The adoption of today’s rules -- appropriately named Regulation FD, for Fair Disclosure -- would mean that when companies disclose material, nonpublic information, they must disseminate this information broadly. If, for instance, corporate officers wish to inform Wall Street analysts that the company may not make its upcoming quarterly earnings estimate, this same information must be simultaneously disclosed to the public, through a press release or other comparable avenue. Regulation FD would bring all investors, regardless of the size of their holdings, into the information loop -- where they belong.
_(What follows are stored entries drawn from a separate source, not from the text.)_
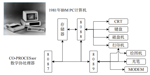 常规显示器、键盘、磁盘机和打印机已无法满足CAD软件使用,必须添加新外设,例如绘图机、光笔、TABLE‐LAT(光学版,那时没有鼠标)等。然而,外设增多将导致8088CPU处理能力下降。为此,需要在计算机外加一个8089通道处理器,专门处理外部设备数据输入输出。此外,当时8088、8087、8089这3个芯片构成了控制、数学计算和外围设备处理的核心计算机。
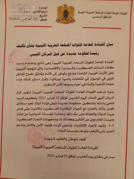 وعليه ترحب القيادة العامة للقوات المسلحة العربية الليبية وتؤيد قرار البرلمان الليبي الصادر يوم الخميس، بتكليف السيد فتحي باشاغا بتشكيل حكومة جديدة تتولى قيادة البلاد نحو مستقبل أفضل، وذلك بالعمل مع الجهات النظامية العسكرية والأمنية على فرض هيبة الدولة والحفاظ على مقدراتها، وحماية المؤسسات السيادية من ابتزاز وهيمنة الخارجين عن القانون، وكذلك تدعم مجهودات اللجنة العسكرية 5+5، وتمهد لإجراء الانتخابات وتسعى لإرساء قواعد الأمن والأمان وتدعم الحرب على الإرهاب وتوحد مؤسسات الدولة.
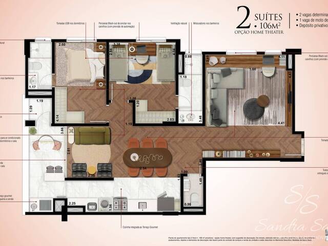 Apartamento de 2 dormitórios, com um deles suíte, Sala e cozinha estilo aberto, Varanda gourmet, Banheiro social, 1 vaga de garagem com opção de box privativo, Área de lazer completa: E-Sports, Espaço body e fitness, Fidzone, Espaço Pet, Fire wine, Sky Pool, Espaço festa e gourmet, Espaço grill, Piscina,
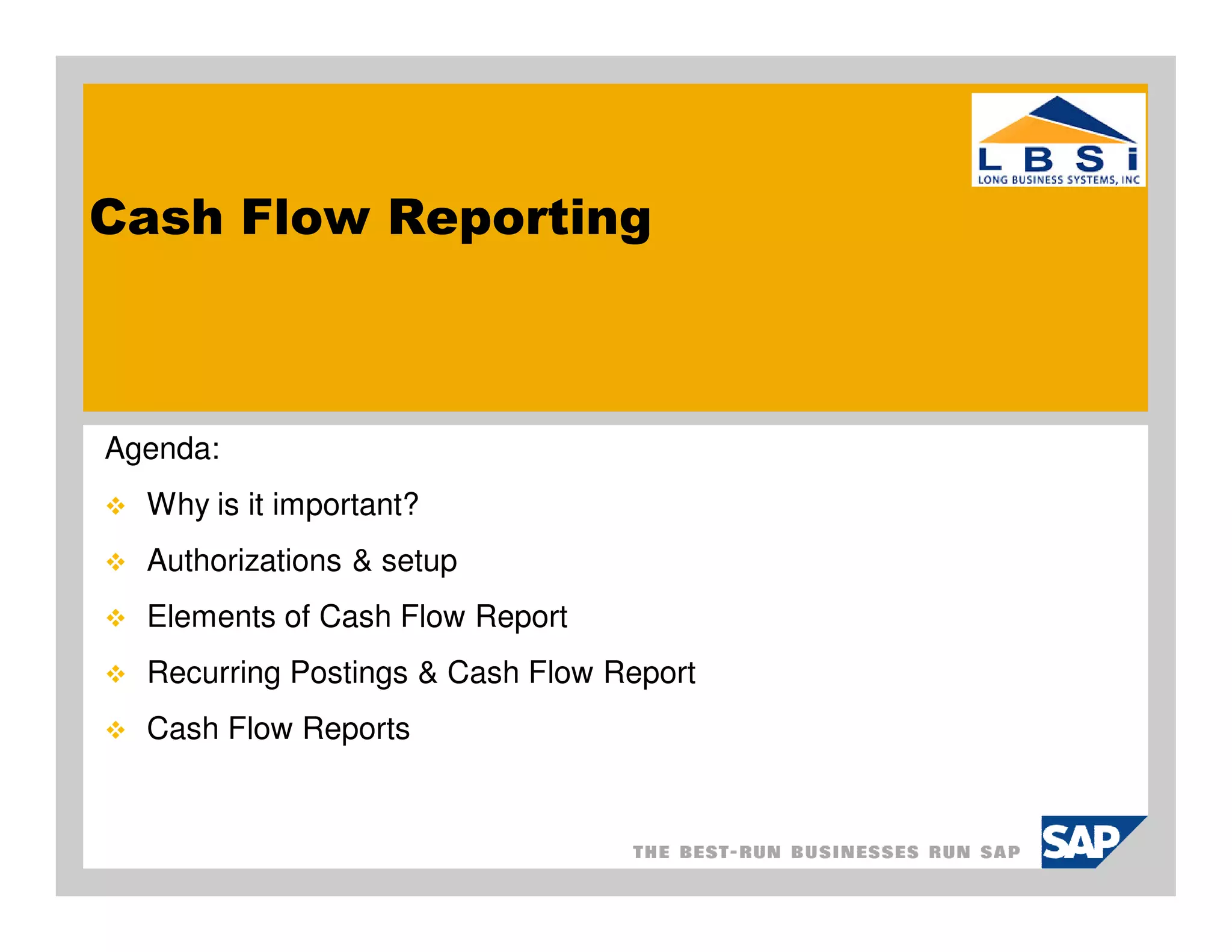 This document provides an overview of cash flow reporting in SAP Business One. It discusses why cash flow planning is important, key liquidity ratios to monitor, how to set up cash flow line items and assign them to transactions, and how to generate and analyze cash flow reports. The presentation was given by Long Business Systems, Inc. to provide guidance on using SAP Business One's cash flow reporting tools to better manage cash flow and ensure obligations can always be met.
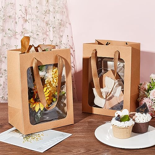 BENECREAT 10PCS Palline Regalo Borsa in Carta Marrone con Finestra Trasparente 18x13,2x25cm Adatto per Shopping, Confezione Regalo, Festa, Matrimonio
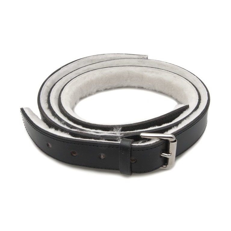Black Leather Strap 38mm (1 1/2 in) wide with substantial chrome plated buckle and wool lining on the inside of the strap to help reduce damage to the paintwork on your bonnet. It comes in two halves, the half with the buckle and the half with the holes to suit the buckle. As supplied the length is adjustable via the buckle from 2.055 metres (6 ft 9 in) to 1.880 metres (6 ft 2 in) but you can shorten it further by cutting and trimming the ends
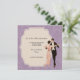 Excellent dîner unique et invitation à la soirée dansante. Image romantique d'un couple en train de danser. Le gentleman est habillé d'un costume noir avec des queues et la dame est habillée d'une robe rose pâle. Cette invitation a un arrière - plan damassé de bruyère. Facilement personnalisable pour ajouter vos propres détails de fête. Chaque invitation du dîner et de la soirée dansante est doté d'une enveloppe blanche.

To all of America’s investors, it’s well past time to say, "Welcome to the neighborhood."
While investor interests have conditioned every decision made by this Commission since 1993, our rulemaking must be characterized by balance and fairness. The comment period is intended to evaluate divergent views and respond with modifications that bring the process as close to consensus as possible.
Nearly every rule elicits warnings about unintended consequences. Our markets, however, are so dynamic that the consequences of no action are often more serious than the process of adapting to change. Clearly it is the responsibility of this and successor Commissions to continually evaluate the impact of laws and regulations on our markets and seek ways to adjust in an increasingly competitive global environment. This is no one-shot process but, rather, an ongoing effort to adapt to change by fine-tuning the important guideposts that will insure the primacy of U.S. markets and protection of U.S. investors.
Now, various investment professionals have argued that Regulation FD might "chill" the flow of information as some companies, fearful of legal liability, respond by providing less disclosure altogether. Many of the concerns raised in the comment letters were thoughtful and valid. I firmly believe, however, that the rules before us today address these concerns.
To provide even greater protection against the possibility of inappropriate liability, and to guard against any chilling effect, we have modified and narrowed the scope of Regulation FD in several respects. I want to thank my fellow Commissioners for their insight and efforts towards ensuring that these rules would be both practical and effective. But today’s rules would not be nearly as elegantly crafted if not for the tireless work and discerning eye of Dean Hunt. The rules, for example, now apply only to communications with securities professionals and holders of the issuer’s securities when it is reasonably foreseeable that the security holder will trade on the information. We have also honed the rules to cover only communications by senior issuer officials and those persons who normally communicate with securities industry professionals or security holders. These changes together make crystal clear that Regulation FD will not cover communications with the media, or ordinary-course business communications with an issuer’s customers or suppliers. Dean Hunt was also instrumental in our decision to exclude communications made in connection with most public offerings. And there is now an express provision stating that failure to make a disclosure required solely by Regulation FD will not result in a violation of Rule 10b-5.
Finally, today we will also consider two amendments that will clarify and enhance existing prohibitions against insider trading. The first addresses the important but unsettled question of whether insider trading liability arises when a person trades while "aware" of material nonpublic information. The second amendment addresses what types of family or other non-business relationships can give rise to liability under the misappropriation theory of insider trading.
I thank our Office of the General Counsel, Division of Enforcement, and Division of Corporate Finance for their incredible dedication, countless hours, and a truly collective effort, which has made today’s rules possible.
At this time, I’d like to turn it over to David Becker, our General Counsel, to talk about today’s proposed rules in greater detail.